At an Allied conference in Cairo, Egypt, in 1943, months before the successful Normandy invasion of June 6, 1944, Churchill renewed his demand for an attack on Rhodes.

The prime minister thundered at Marshall, “His Majesty’s Government can’t have its troops standing idle. Muskets must flame.”

Marshall just as fiercely replied, “Not one American soldier is going to die on that goddamn island.”

Churchill, well aware of the emerging U.S. preeminence in the council of war, never broached the subject of Rhodes again.

But neither was Churchill put off by the vehemence of Marshall’s reply. (Churchill is the one, after all, who coined the epigram, “The only thing worse than allies is no allies.”)

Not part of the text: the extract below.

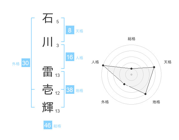 石川 雷壱輝さんを姓名の画数から五運を鑑定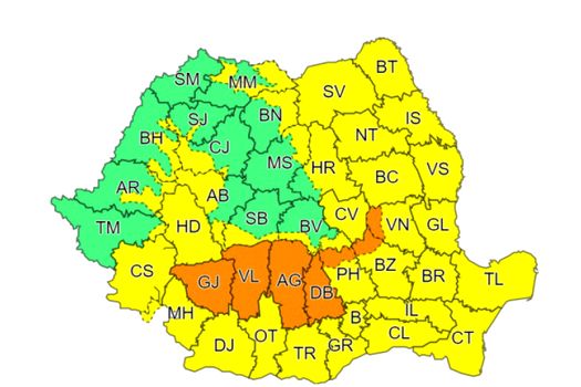 Potrivit ANM, este Cod portocaliu în judeţele Gorj, Vâlcea, Argeş, Dâmboviţa şi în zona montană a judeţelor Prahova, Buzău şi Vrancea.

Following the war Churchill paid tribute to Marshall, declaring that the general was the “architect” of Allied strategy, the undoubted “organizer of victory” around the world.

Whether or not Marshall believed the hyperbole has gone unrecorded, but it’s doubtful. He was a realist and knew full well the critical role that other individuals and nations played. For instance, the Russians.

Cold War enemies and present-day adversaries, the Russians during the Second World War were indispensable to the defeat of Hitler, as Marshall well knew.

He would have done somersaults to keep Russia in the fight, thus Lend-Lease, against Germany.

Marshall, along with presidents Roosevelt and Truman, were gaga over the Russian decision – carried out precisely as promised – to enter the war against Japan soon after the Nazi collapse: No one in Washington was then certain that the Los Alamos scientists would actually crack the codes of atomic weaponry, in time at least to save a million U.S. lives, the estimated loss in a prospective invasion of the Japanese homeland.

For that matter, Marshall knew how important the British were. He and others admired Britain’s brave resistance to Hitler in the early days of the war, even as their patience was tested later in the war by the lead British general, the haughty Bernard Law Montgomery.

Marshall was so close to Britain’s John Dill that the generals kept each other informed about the secret deliberations of each man’s government. When Dill died in Washington in the middle of the war, Marshall arranged burial at Arlington National Cemetery, the nation’s most hollowed ground.

Marshall was the chief proponent of unity of command: one general in overall charge of one theater of war at a time. That meant, because the U.S. carried the heaviest load, Dwight Eisenhower had overall command in Europe, with Brits in important subordinate roles.

The unity of command concept is the perfect expression of the Marshall method of allied warfare. The general from Uniontown was a nationalist internationalist.

We are passing through strange times in this country; the attack on the Capitol and the attack on the flags at Marshall Plaza are more or less flip sides of the same coin: Ignorance is in the saddle and riding high. It’s the return of the know-nothings.

George Marshall would be perplexed. Having lived through a period of real danger – the rise of Hitlerism and its defeat – he would be appalled by these attacks on democracy and common sense.